Creating yourself

「自分発見の旅から自分創造の旅へ」  

記憶の片隅から

2009-05-04 09:16:19 | 旅行

田舎の街を花見がてらに散歩していたら、ある線路の脇に来て心地よいなつかしさがよみがえってきた。この道を通るのは何十年ぶりだろう。誰かの家が近くにあってそのうちに遊びに行ったことがるのを思い出した。誰の家だったんだろう。ふとI先生の名前が浮かんできた。I先生には教わったことがなかったけど、兄が2・3年教わったことがあり、母や兄からいい先生だったことをよく聞かされていた。残念ながら私は自分の小学校の時代の先生にはあまり好ましい思い出はなく、I先生だって兄のつてで何十年も前に遊びに行った私のことなどわかりもしないだろう。母に聞くとI先生は父と同じ年で80になるという。

せっかくだから先生のうちに田舎らしく、何の約束もなく立ち寄ってみることにした。耳が遠く、記憶力の弱まったか弱いおばぁさんの姿を覚悟していた。庭で植木の世話をしていたI先生は私と母の姿を見るなり、いきなり「あらYuko-chanじゃないの」と呼びかける。「よくわかりましたね。」「だって、あなた有名だったもの」つつましく(?)生きてきた私にも有名という言葉があてはまる時期があったのだろうか。それにしても、I先生の記憶力の明瞭さ。
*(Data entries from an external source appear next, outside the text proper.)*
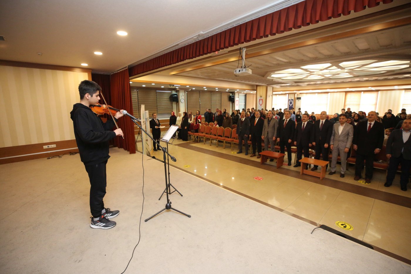 Salonu dolduran aileler ve öğretmenler, sahneye çıkan minik öğrencilerin heyecanına ortak olurken, yarışma boyunca duygu dolu anlar yaşandı. Öğrencilerin davul eşliğinde okudukları manilerle başlayan program, Mehmet Beğen Ortaokulu Öğrencisi Hakan Köş’ün kemanıyla çaldığı İstiklal Marşı ile devam etti. Anaokulu öğrencileri, henüz küçük yaşlarına rağmen İstiklal Marşı’nı büyük bir heyecan ve gururla okudu. Miniklerin milli marşımızı büyük bir ciddiyet ve coşkuyla seslendirmesi salondaki izleyicilerden uzun süre alkış aldı. Yarışmaya katılan tüm minikler birinci ilan edilip ödüllendirilirken, gösterdikleri cesaret ve performanslarıyla takdir topladı.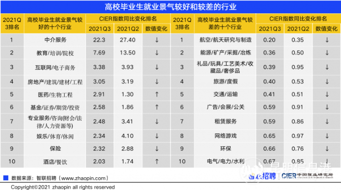 本季度高校畢業(yè)生就業(yè)市場景氣指數(shù)最好的行業(yè)為中介服務業(yè),為22.3。此外,教育/培訓/院校、互聯(lián)網(wǎng)/電子商務、房地產(chǎn)/建筑/建材/工程、醫(yī)藥/生物工程等行業(yè)也相對容易就業(yè)。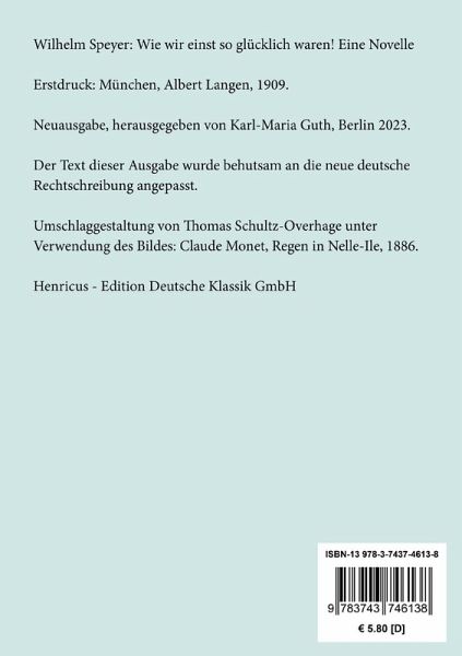 Wilhelm Speyer: Wie wir einst so glücklich waren! Eine NovelleErstdruck: München, Albert Langen, 1909.Neuausgabe, herausgegeben von Karl-Maria Guth, Berlin 2023.Der Text dieser Ausgabe wurde behutsam an die neue deutsche Rechtschreibung angepasst.Umschlagabbildung: Claude Monet, Regen in Nelle-Ile, 1886Gesetzt aus der Minion Pro, 11 pt.Die Sammlung Hofenberg erscheint im Verlag Henricus - Edition Deutsche Klassik GmbH, Berlin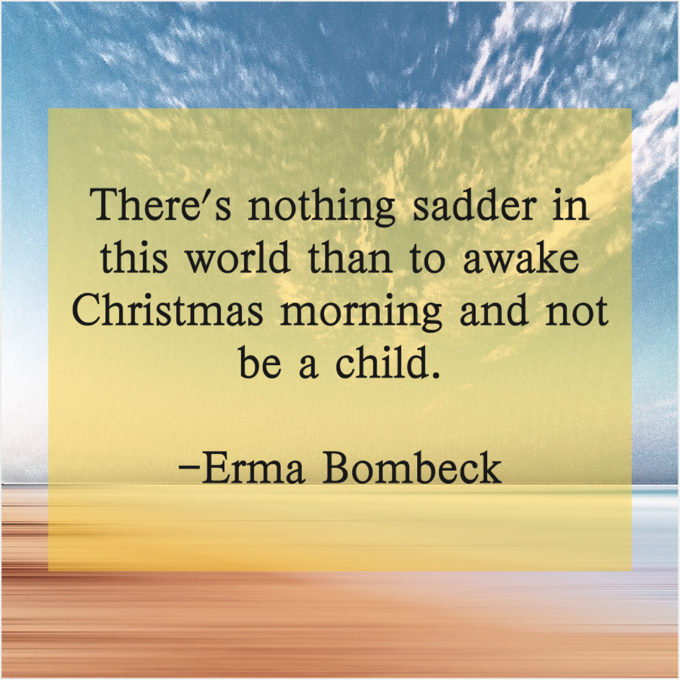 Erma Bombeck Erma Bombeck – There’s nothing sadder in this… July 30, 2019 admin “There’s nothing sadder in this world than to awake Christmas morning and not be a child.”-Erma Bombeck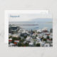 Carte postale avec photo de la ville et du port de Reykjavik, Islande.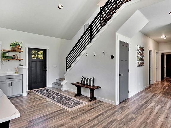 This stunning custom craftsman home, built in 2021, is perfectly situated on a spacious .93-acre lot and features 2,144 square feet of living space. With 3 bedrooms and 2.5 bathrooms, the home offers a beautifully designed layout that includes vaulted ceilings and durable laminate plank flooring. The kitchen is a highlight with custom cabinets and sleek quartz countertops, which are consistent throughout the home. The master suite is a private retreat with a walk-in closet, dual vanities, a soaking tub, and a separate glass shower. Upstairs, the versatile bonus room, complete with custom wrought iron railings and a half bath, offers flexible space for a family room, office, or gym. Outdoor living is just as thoughtfully designed with a covered front porch and a private rear deck overlooking the expansive backyard. A large 30x40, heated, and insulated shop on the property adds incredible value and practicality. This home combines the ease of modern living with the charm and solidity of traditional craftsmanship, making it an ideal choice for those seeking quality and comfort.

話し方も動き方もぜんぜん衰えを見せていない。

私は○十年ぶりにお会いしたのだが、私についての話は10分程度であとは母の、ほとんどテーマが誰のことなのかいつのまにか変わっているとりとめのない世間話で2時間は過ぎた。先生は本当は私の話の方を聞きたかったのにと苦笑しながらも、母のつまらない話につきあう優しさを持っている。心地よいなつかしさは、I先生の大きな包容力だったのかもしれない。直接教えをいただいたことはないが、2学期間のみ同じ学校の屋根の下にいたことがある(これも私は先生に言われるまで忘れていた)。私の担任の先生の名前まで覚えてらした(私は忘れていたけど)。転校生だったが田舎では転校生が珍しくていつも注目の的になり、それで先生が有名だったとおっしゃったのだろう。

なつかしさをひもどく甘美なひとときだった。